DATA LISTING.
# # # # # # #
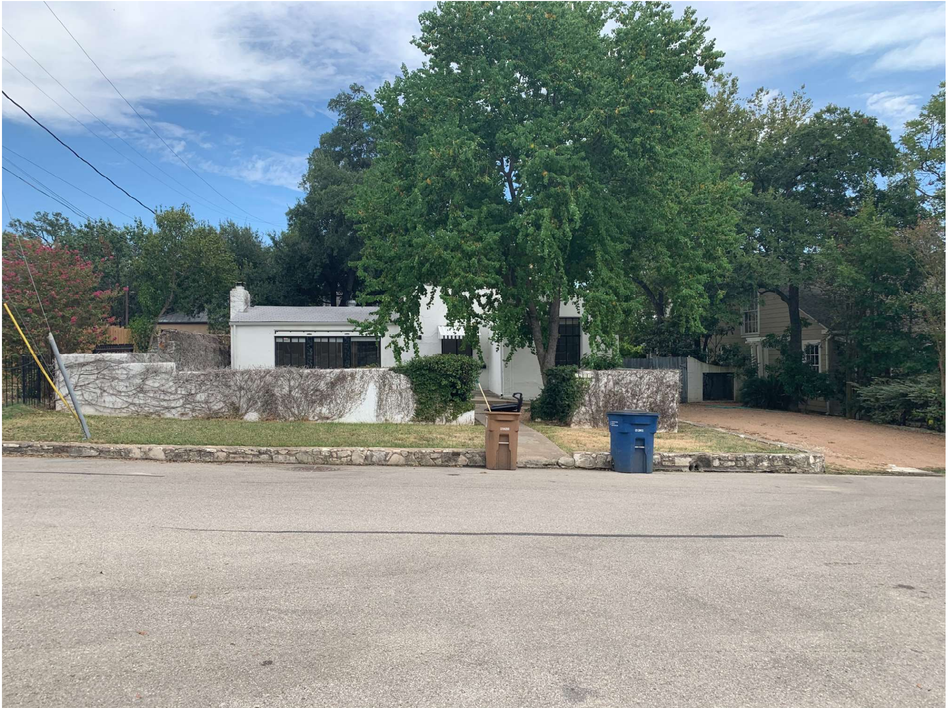
EXISTING (WEST) (FROM WOODLAWN BLVD)
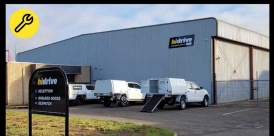
Adelaide Showroom & Installation 6 Worriga St, Regency Park SA 5010
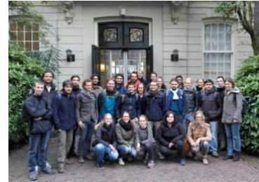
The NETWORKS PhD students

The NETWORKS project is a collaboration of world-leading researchers from four institutions in The Netherlands – TU Eindhoven , University of Amsterdam , Leiden University and the Centrum Wiskunde & Informatica (CWI) – focusing on the stochastics and algorithmics behind network problems. It offers a highly stimulating research environment and an extensive training program for PhD students from all over the world. Recently NETWORKS was awarded a COFUND grant from the Marie Skłodowska-Curie Actions (MSCA), funded by the European Commission. The grant allows NETWORKS to expand its activities by opening positions for an additional 14 international PhD students.
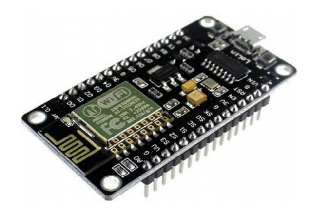
Figure -2: NodeMCU

your laptop and flash it without any trouble, just like Arduino. It is also immediately breadboard friendly.
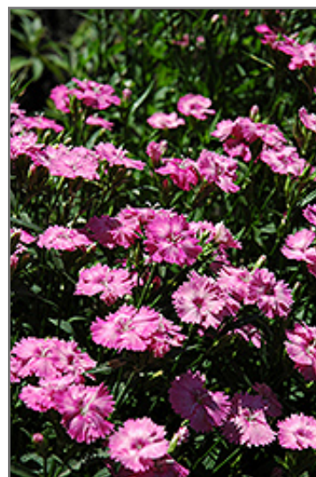
Blue Hills Pinks flowers
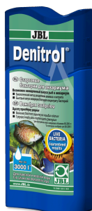
JBL Denitrol Bacteria starter for adding aquarium fish
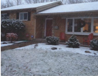
Before and After 2nd Story Addition

Take advantage of this special discounted rate of 4 hours for only $80!
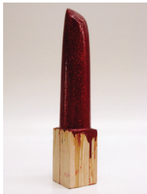
Rouge Chicago 2009 Wood, paint, enamel, varnish H45 x W9 x D9 cm

Note: Images are not to scale. High-resolution images are available upon request.
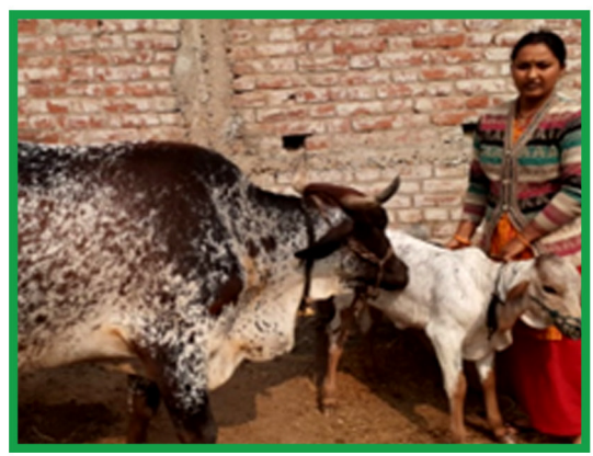
Calf born from artificial insemination initiative
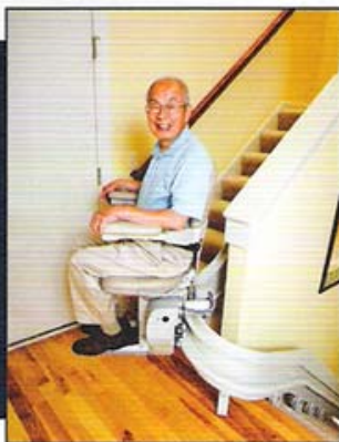
ELECTRA-RIDE™ III Model CRE-2110
# # # # # # #
WHAT THE TASK REQUIRES. Please copy the data above exactly, omitting the pictures.

WRITTEN ANSWER.
EXISTING (WEST) (FROM WOODLAWN BLVD)
Adelaide Showroom & Installation 6 Worriga St, Regency Park SA 5010
The NETWORKS PhD students

The NETWORKS project is a collaboration of world-leading researchers from four institutions in The Netherlands – TU Eindhoven , University of Amsterdam , Leiden University and the Centrum Wiskunde & Informatica (CWI) – focusing on the stochastics and algorithmics behind network problems. It offers a highly stimulating research environment and an extensive training program for PhD students from all over the world. Recently NETWORKS was awarded a COFUND grant from the Marie Skłodowska-Curie Actions (MSCA), funded by the European Commission. The grant allows NETWORKS to expand its activities by opening positions for an additional 14 international PhD students.
Figure -2: NodeMCU

your laptop and flash it without any trouble, just like Arduino. It is also immediately breadboard friendly.
Blue Hills Pinks flowers
JBL Denitrol Bacteria starter for adding aquarium fish
Before and After 2nd Story Addition

Take advantage of this special discounted rate of 4 hours for only $80!
Rouge Chicago 2009 Wood, paint, enamel, varnish H45 x W9 x D9 cm

Note: Images are not to scale. High-resolution images are available upon request.
Calf born from artificial insemination initiative
ELECTRA-RIDE™ III Model CRE-2110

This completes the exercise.